The Skeleton in the Clock
- First edition (US)
- Author: John Dickson Carr writing as "Carter Dickson"
- Language: English
- Series: Henry Merrivale
- Genre: Mystery, detective
- Publisher: Morrow (US, 1948) Heinemann (UK, 1949)
- Publication place: United Kingdom
- Media type: Print (hardback & paperback)
- Pages: 282 (first US editions)
- Preceded by: My Late Wives
- Followed by: A Graveyard To Let

= The Skeleton in the Clock =

1948 novel by John Dickson Carr

The Skeleton in the Clock is a 1948 mystery novel by the American writer John Dickson Carr, who published it under the name of Carter Dickson. It is a whodunnit and features the series detective Sir Henry Merrivale and his long-time associate, Scotland Yard's Chief Inspector Humphrey Masters.

==Plot summary==
Martin Drake meets Jennifer West in an auction house. Three years ago, he had fallen in love with her during a brief but intense encounter on a railway platform—after which she vanished. Now it seems she is engaged to Richard Fleet, whom she has known since they were children together. And when they were children, Richard's father Sir George died when he fell off the roof of their home, Fleet House. It was generally accepted as an accident, but a series of mysterious happenings cause the case to be re-opened.

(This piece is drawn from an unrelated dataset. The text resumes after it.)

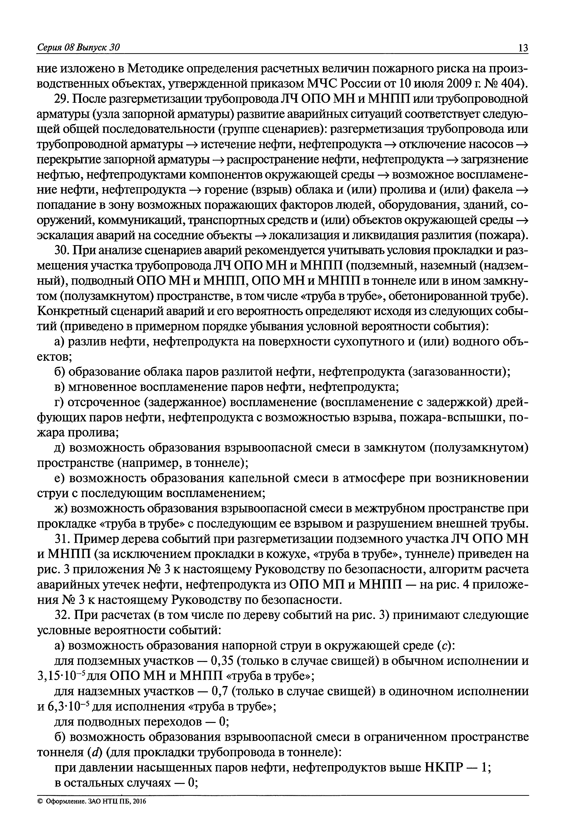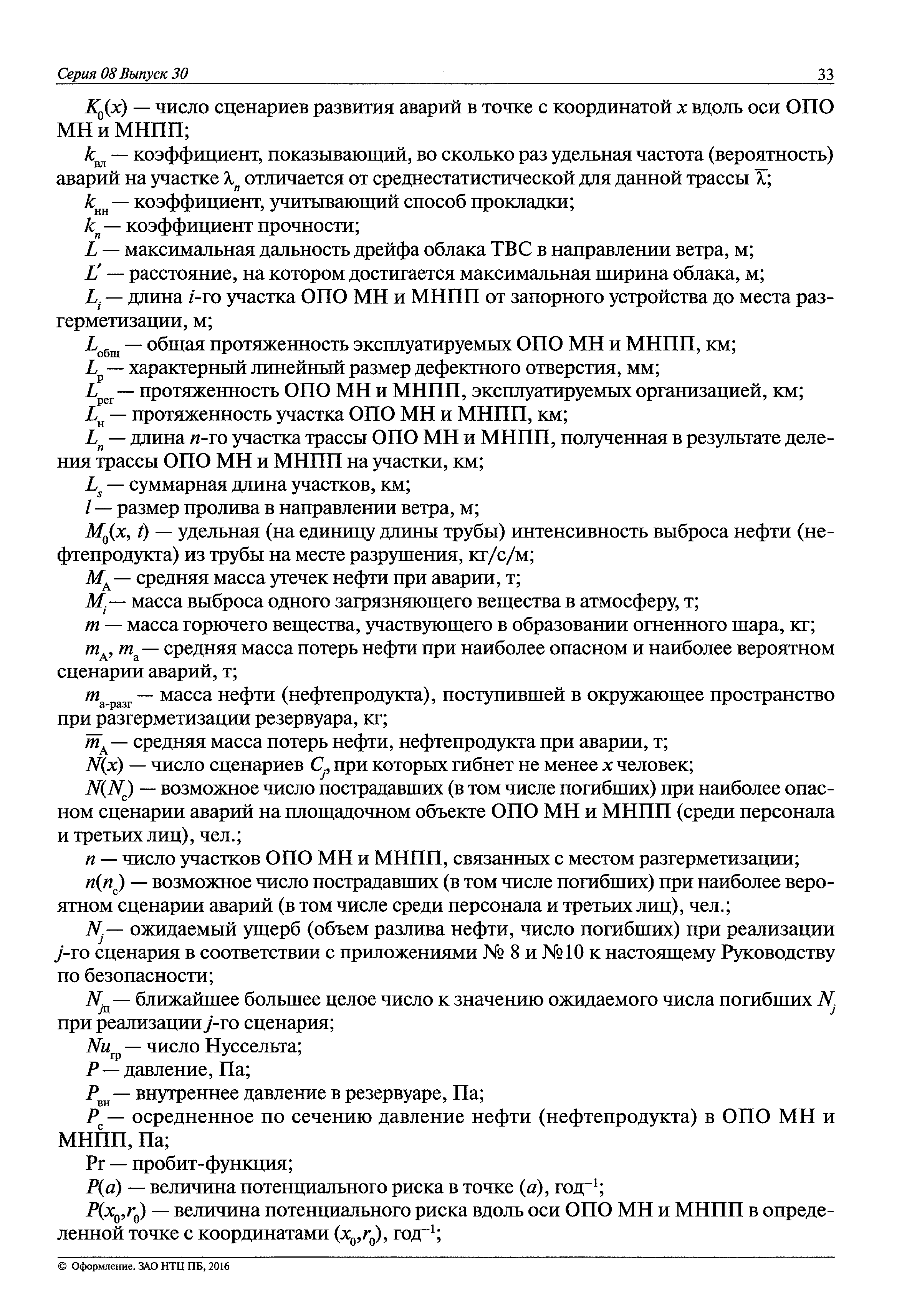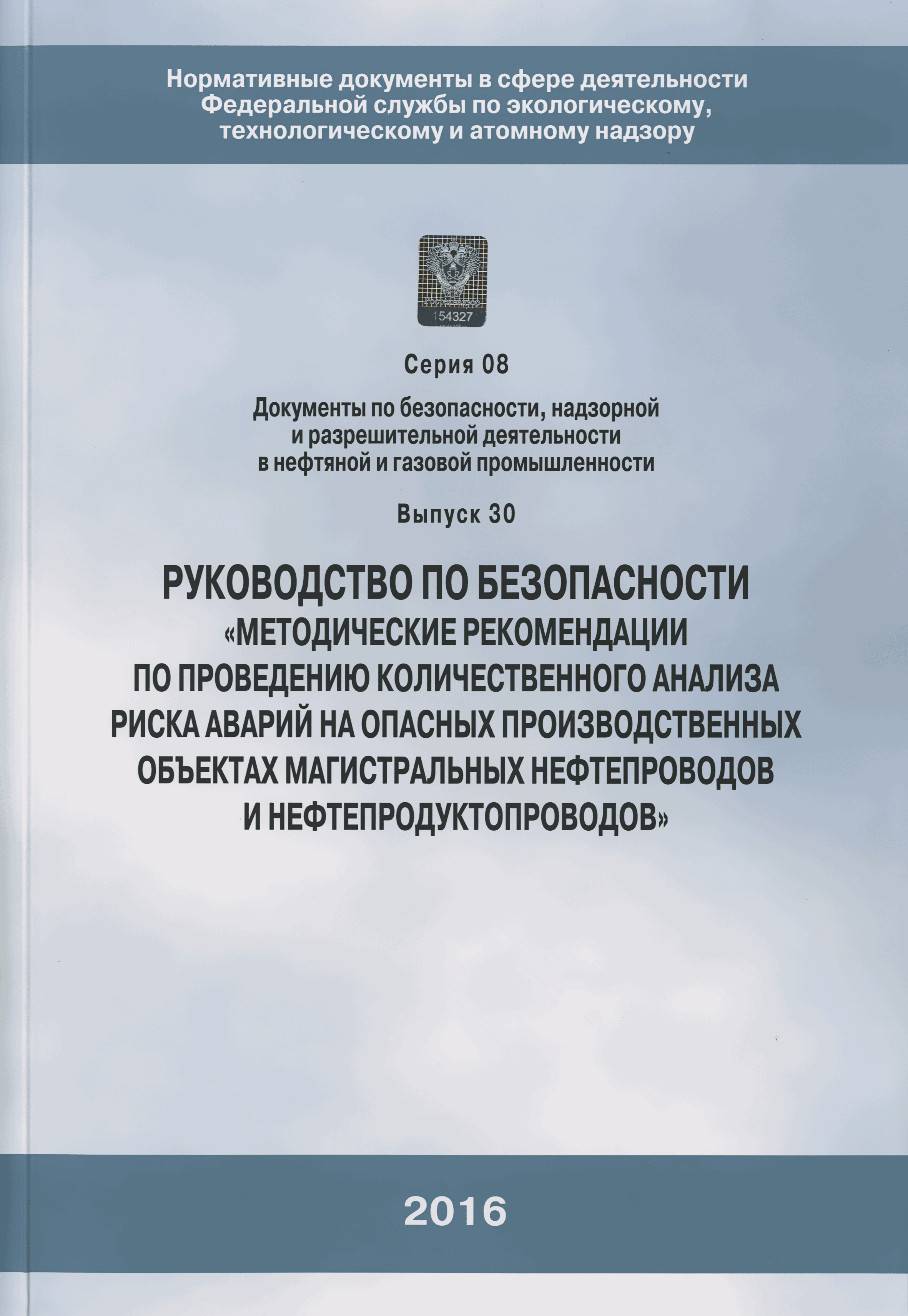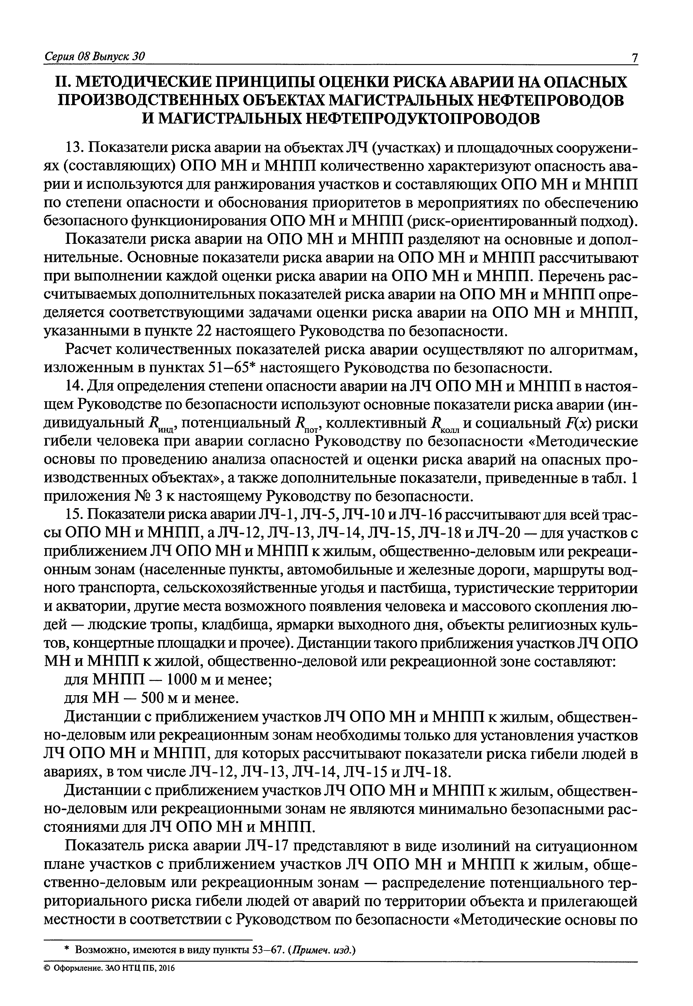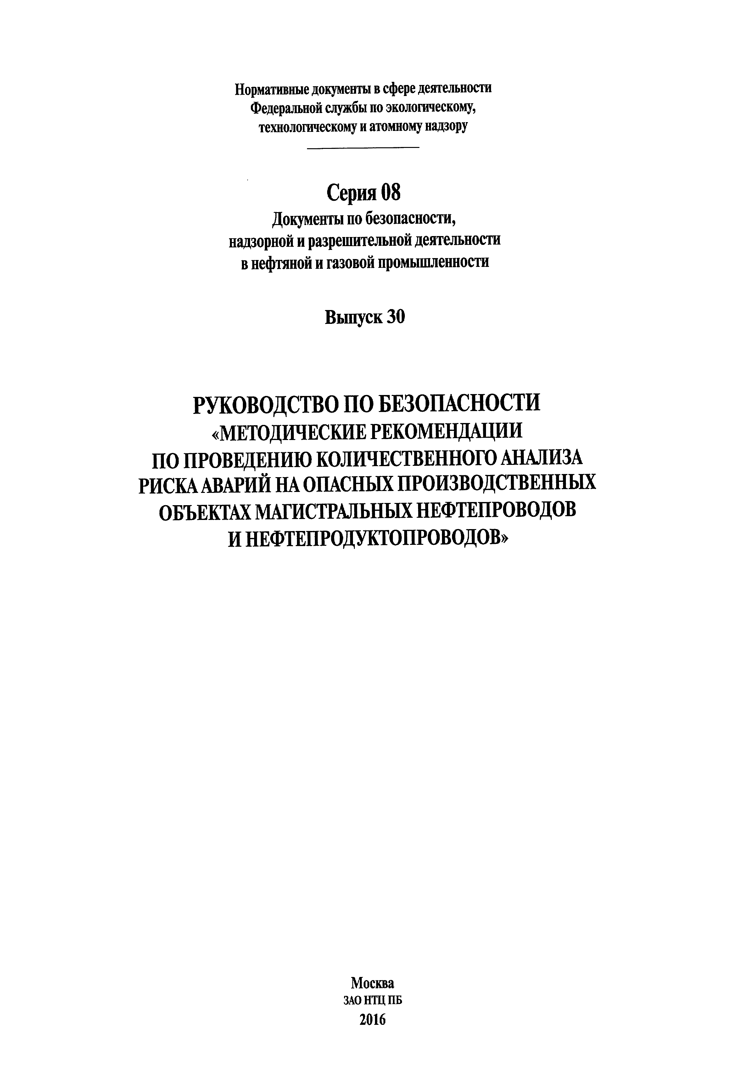 | Оглавление: | I Общие положения II Методические принципы оценки риска авария на опасных производственных объектах магистральных нефтепроводов и магистральных нефтепродуктопроводов III Этапы проведения количественного анализа риска аварий на опасных производственных объектах магистральных нефтепроводов и магистральных нефтепродуктопроводов IV Типовые сценарии аварий на площадочных сооружениях опасных производственных объектов магистральных нефтепроводов и магистральных нефтепродуктопроводов V Количественная оценка риска аварий на опасных производственных объектах магистральных нефтепроводов и магистральных нефтепродуктопроводов. Оценка частоты возможных сценариев аварий VI Оформление результатов количественного анализа риска аварий на опасных производственных объектах магистральных нефтепроводов и магистральных нефтепродуктопроводов Приложение 1. Перечень используемых сокращений и обозначений Приложение 2. Термины и их определения Приложение 3. Рисунки и таблицы Приложение 4. Перечень исходной информации, необходимой для проведения количественного анализа риска аварий на ОНО МН и МНПП Приложение 5. Балльная оценка факторов влияния состояния ОНО МН и МНПП на степень риска аварий Приложение 6. Оценка частоты аварий на линейной части ОНО МН и МНПП Приложение 7. Расчет вероятных зон действия поражающих факторов аварий Приложение 8. Расчет показателей риска аварий Приложение 9. Расчет объемов выброса нефти (нефтепродуктов) и площадей разлива при авариях на линейной части ОНО МН и МНПП и площадочных сооружениях ОНО МН и МНПП |

Sir Henry Merrivale, detective and explainer of the impossible, is also at the auction and revives his old antagonism with Sophia, Dowager Countess of Brale, who is Jenny's grandmother. Arthur Puckston keeps the pub across the road from Fleet House and was an eyewitness to Sir George's death.

When his daughter, Enid Puckston, is found murdered in what might be a haunted prison, Sir Henry takes a hand and reveals not only the identity of the murderer but the unusual psychology that underlies the case.